The Firegun-3s are fastened with elastic ‘laces’ pulled through a very effective toggle, which tucks away in what’s described as a ‘lace garage’ on the top of the tongue. The thing is, once they’re pulled tight around your feet, there’s a fair bit of loose lace flapping around, which needs to be tucked under the bottom of the laces. That’s fine, and they’ve never come free – partly thanks to the loops on the ends finished in heat-shrink tubing – but they don’t look quite as trick as they do in the brochure pics with those stray bits. I guess you could tuck them down the sides of your feet if you wanted, but it’s a bit awkward.

There is an issue with the Momos though in that one eyelet in each boot – at the top – is made in such a way that the lace gets cut through over time. This is annoying, but also problematic due to them being such a unique design. Mine failed after four months of use, but fortunately the UK importer – Nevis Marketing – supplied a replacement. You could swap them for 'normal' laces, but TCX really needs to sort out the edges on the eyelet to remove the issue. 

The Momos fit me very well in my usual size – despite having slightly wide feet – and they slip on easily with the tough loop on the rear giving you something to hang onto.



Protection and certification

Your ankle’s protected with small armour panels on both sides, and lift the label in the Momo Firegun boots and you’ll see they conform to EN 13634:2017, with four ‘1’s underneath. That means they’re ankle height, and that they reached level 1 for impact abrasion resistance, impact cut resistance and transverse rigidity.

Level 2 is the higher standard, but these are still boots tested and proven to meet the required safety standard. The WR, SRB and WAD acronyms means they’re tested as water resistant, they’re slip-resistant on smooth steel that’s been treated with glycerol (always a problem when I’m standing on a kitchen sink), and the lining materials have passed the water absorption and desorption test.


Using the on-camera flash, you can see the small reflective panels


In practice, that means you can be confident when riding in them that they’ll give a decent level of protection, and the sole won’t crush if your foot’s caught under the bike. If you’re looking for more safety in a casual style, check out some of the leather alternatives, like the TCX Hero boots, for instance, which do meet Level 2 testing.

There are reflective details on the lace holders and top of the tongue – a neat touch though they’re small so won’t be dazzling too many drivers.

For everything you need to know about the safety labels in your motorcycle kit, click here.




The Momo Firegun-3 boots are very, very comfortable.
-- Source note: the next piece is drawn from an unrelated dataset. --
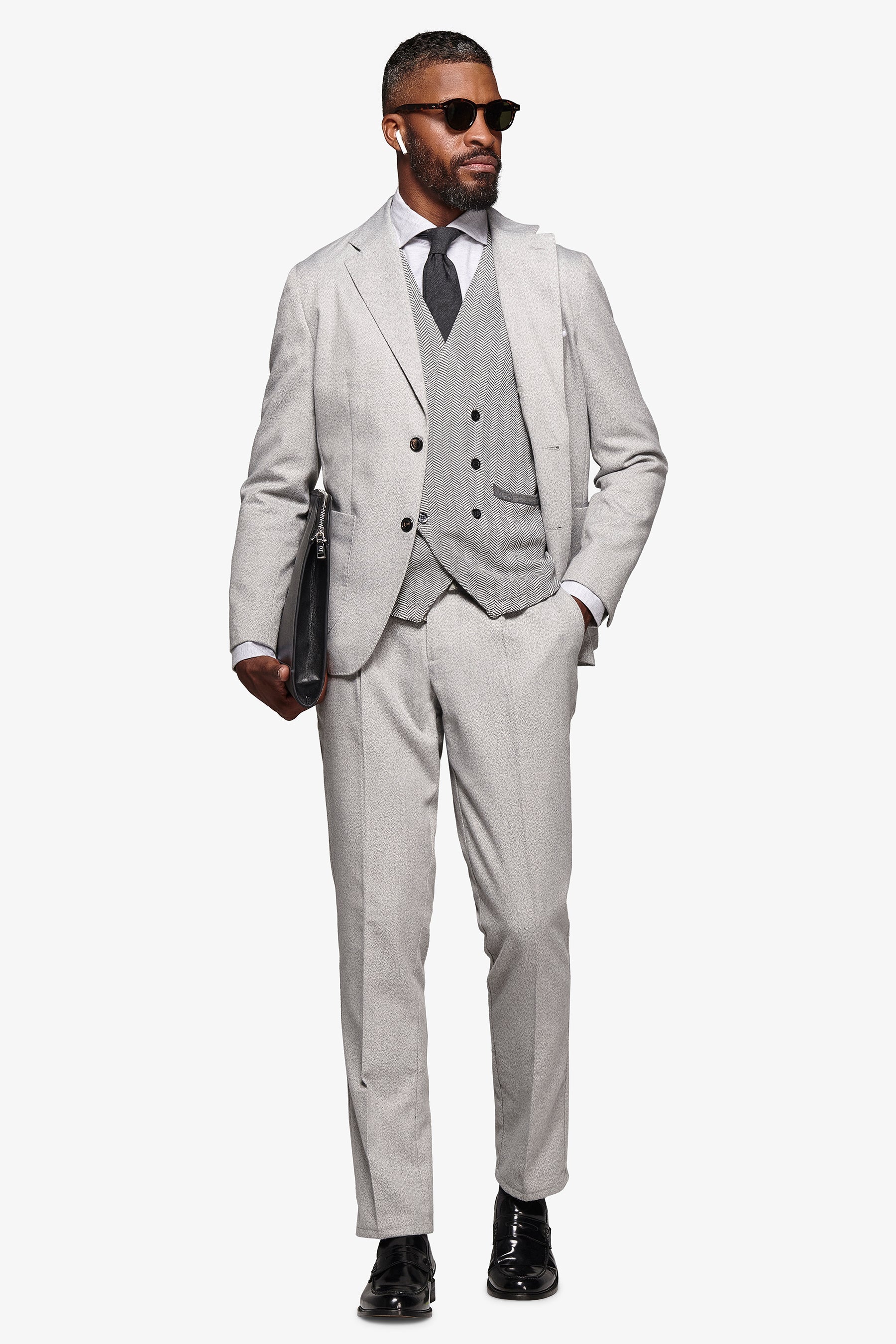 Melange flannel suit jacket. Slim line with normal lapel. Two buttons and flap pockets.

On the bike they’re great, but I’ve also worn these almost every day – all day – for the past two months. The furthest I’ve walked in them in one go is just under 10 miles, and that was across gravel paths and grassland.

They’ve been everywhere with me – 120 miles on the motorbike then doing the shopping, or simply walking the dog – and they’ve always been nothing but comfortable thanks to the soft midsole and decent Ortholite footbed. I’ve also used them for 15-mile bicycle rides with no difficulty at all.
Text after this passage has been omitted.